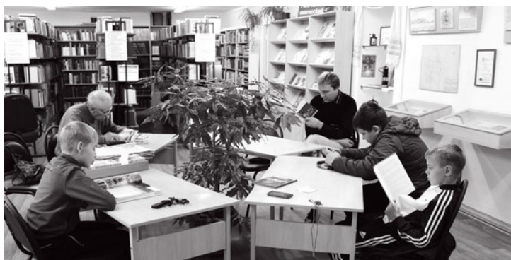
Читатели в одном из залов библиотеки

С внедрением информационных технологий на новый уровень вышла информационная работа библиотеки. Новые возможности в получении информации о крае предоставляет автоматизированная информационно-библиотечная система «Моя библиотека», с помощью которой создается электронная библиографическая база данных «Выкса» (более 11 000 библиографических записей). Пользователи получили доступ к имеющимся библиографическим краеведческим ресурсам в локальном и удалённом режиме. Созданы и постоянно пополняются электронная справочная база данных «Выдающиеся выксунцы» (118 персоналий), фактографическая картотека «Хроника основных событий городского округа»; формируется фонд тематических дозье (135 экз.), которые оцифровываются ввиду их высокой востребованности.
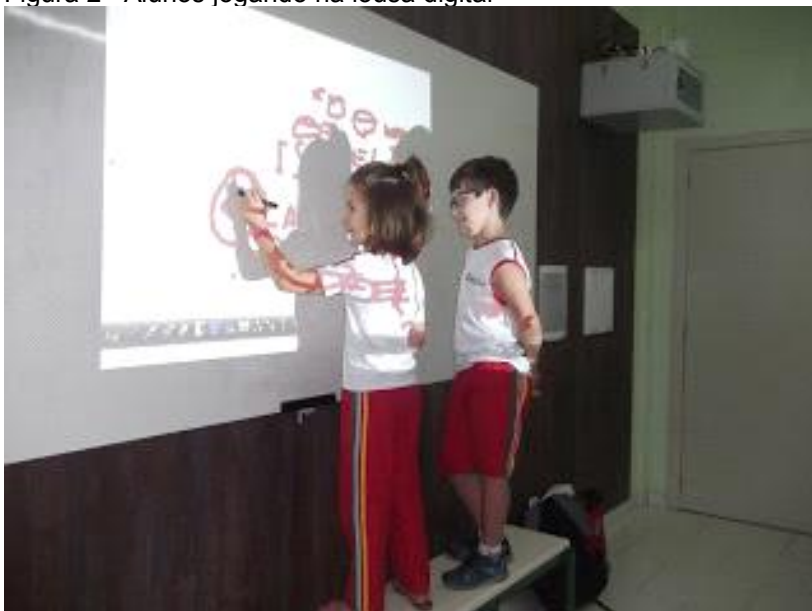
Figura 2 - Alunos jogando na lousa digital

A seguir destacamos alguns desses momentos. Consideramos importante registrar que os alunos em destaques são do 4º ano A matutino, e que foi concedida autorização de imagem de todos eles, já no ato da matrícula de 2016, pelos seus responsáveis legais no início do ano.
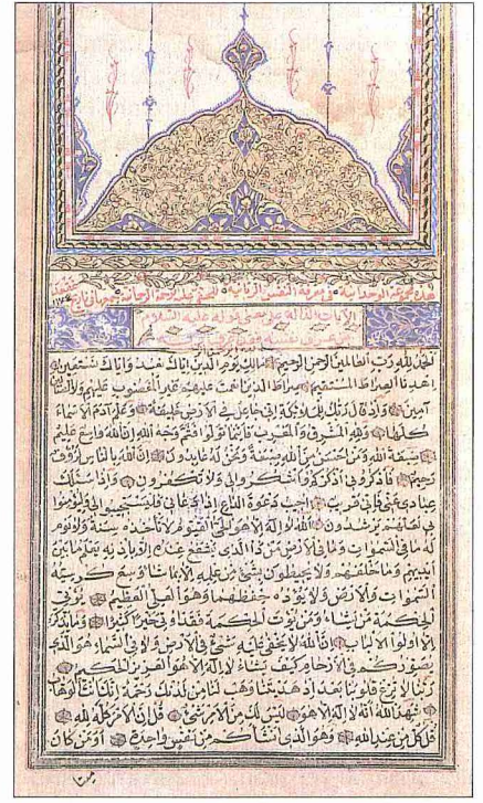
İbrâhim Hakkı Erzurumî'nin Mecmûatü'l-vaḥdâniyye fî ma'rifeti'n-nefsi'r-rabbâniyye adlı eserinin ilk sayfası (Süleymaniye Ktp., Hacı Mahmud Efendi, nr. 2412)

da 1180'de (1766) yazıldığı dışında bilgi yoktur. 14. Nuhbetü'l-keḷâm. 1182'de (1768) Mecmûatü'l-meânî ve Ma'rifetnâme 'den yapılan alıntılarla oluşturulduğu müellifi tarafından bildirilen bu eser de halen elde bulunmamaktadır. 15. Ülfetü'l-enâm. Yine müellifin 1189'da (1775) Ma'rifetnâme 'den alıntı yaparak düzenlediğini belirttiği eser (İbrahimhakkioğlu, s. 72) günümüze ulaşmamıştır.
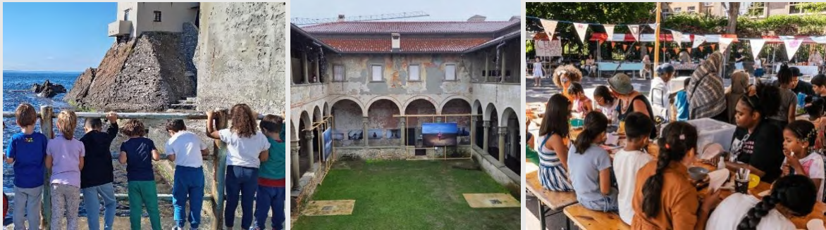
© Bauhaus of The Sea Sails - © Bauhaus4EU - © Cultuur&Campus

Anwohnerinnen und Anwohner einzubinden und Geschichten zu dokumentieren [Horizont Europa].
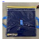
SAC de LEST Pour Structure Gonflable NEW!
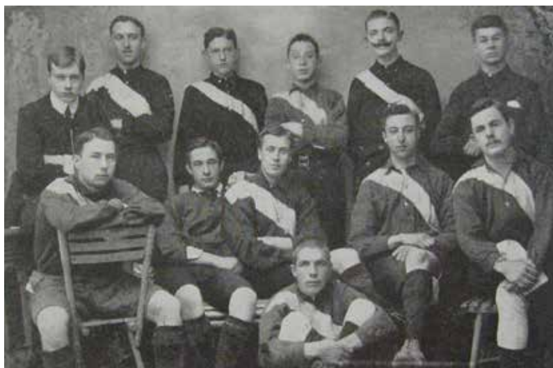
Het team van AFC Quick in het seizoen 1902-1903.

Toch was een sportwedstrijd meer dan een paar uurtjes onschuldig vermaak. Allerlei rituelen en gedragingen maakten het een gecompliceerde sociale uitwisseling tussen gelijkgezinden, waarbij goed gastheerschap heel
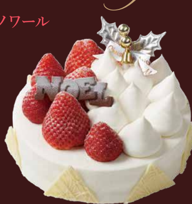
Noël fraise blanc ノエルフリーズブラン

いちご王国栃木のブランドいちご“ベリー大きい”“ベリーきれい”“ベリーおいしい”「スカイベリー」(栃木県鹿沼市「ベリーズファン」)と宮城県山元町のいちご「にこにこベリー」、2種のいちごを贅沢にデコレーションしました。ふわふわスポンジと上品な甘さのクリーム、甘酸っぱいいちごをお楽しみいただけるノエルフリーズブラン、ショコラクリーム、ショコラスポンジとショコラの豊かな味わいと華やかないちごの味わいをご堪能いただけるノエルフリーズノワール、2種のクリスマスケーキをご用意しました。
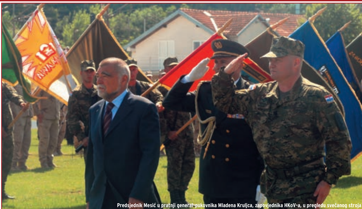
Predsjednik Mesić u pratnji general-pukovnika Mladena Kruljca, zapovjednika HKoV-a, u pregledu svečanog stroja
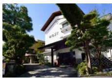
陶芸の宿はなぶさ
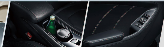
Plus de 30 espaces de rangement
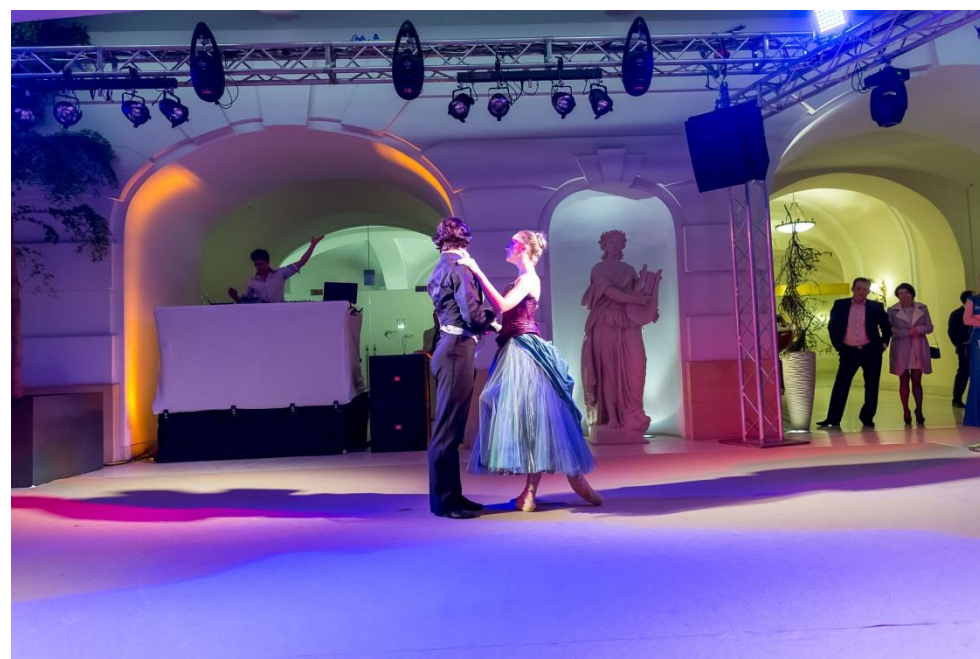
Weihnachten & Silvester
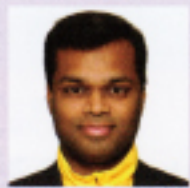
マスター・プラブジ
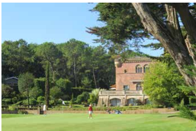
Fig. 3 - La villa depuis le golf de Chiberta
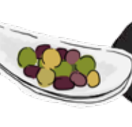
Mix Olive ミックスオリーブ ¥650
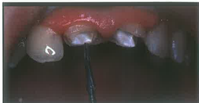
Slika 4. Preparacija korijenskog kanala

Kolčići bazirani na kompozitnim materijalima mogu sadržavati radioopakna karbonska vlakna (karbonski), karbon-kvarc vlakna (hibridni) pa sve do translucenčnih staklenih vlakana (FRC Postec) (8,9). Karbonski kolčić
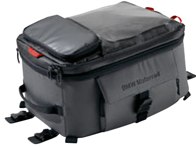
1 Büyük depo çantası
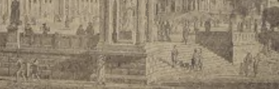
He aquí la obra de un arquitecto, quien ha imaginado lo que sería el Agora, y tal como se cree que será una vez que se le restaure, después de las excavaciones que se están haciendo en el sitio en que estuvo hace miles de años.

Todo esto está enterrado y habrá que hacer una excavación profunda
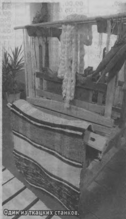
Один из ткацких станков.

------------------------

> WHAT YOU SHOULD DO
The final stretch of the data, from the line with "He aquí la obra" through its last line, is to be retyped exactly; pictures are not part of the copy.

> SOLUTION BELOW
He aquí la obra de un arquitecto, quien ha imaginado lo que sería el Agora, y tal como se cree que será una vez que se le restaure, después de las excavaciones que se están haciendo en el sitio en que estuvo hace miles de años.

Todo esto está enterrado y habrá que hacer una excavación profunda
Один из ткацких станков.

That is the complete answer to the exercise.